Friday, September 26, 2014

The Beloved Land

The lands of the Vatnsdaela valley are surrounded by beautiful green hills. These hills are celebrated in the Vatnsdaela Saga and the tapestry being prepared at the Icelandic Textile Center honors them in its design layout. Such clear links between a core legend and its landscape are both essential and predictable. The Ponnivala story makes a set of similar connections. There too the hills that border the area are where the heroes undergo many of their more challenging adventures and where they meet their fiercest foes. There is a sense, in both stories, that the hills are the wild lands where bandits and dangerous animals can appear suddenly from behind rocks or bushes and where danger always lurks. The valley lowlands, by contrast, are open and well cultivated in both legends.

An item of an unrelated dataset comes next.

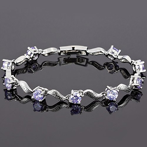 Rizilia Gioielli rotondo a forma di pietra dure di Birthstone pietra preziosa fine [170mm / 6.7inch] Tennis sottile Piccolo braccialetto semplice eleganza moderna [sacchetto di gioielli liberi]

Here is where civilization reigns and where the heroes made their homes. This view of a landscape that is tame at its center and chaotic at its boundaries is shared by both epics.

In both the Vatnsdaela saga and the Legend of Ponnivala the pioneer founder-hero decides to establish his farm at the center of a fertile watershed. The climate is strikingly different, of course, in these two areas. Iceland is cool all year round, and very cold in the winter. Ponnivala is a tropical land, warm all the time and very hot in the summer months. It is home to irrigated rice paddies and coconut palms. The style of agriculture practiced is bound to be different, of course, but the lifestyle in other ways is not. Both regions feature cattle, sheep and the importance of the plough. Life in both areas is centered around largely self-sufficient homesteads. Multiple generations often live under the same roof. In sum, striking climatic contrasts between these two landscapes does not necessarily make for major sociological differences in these two story’s core construction details!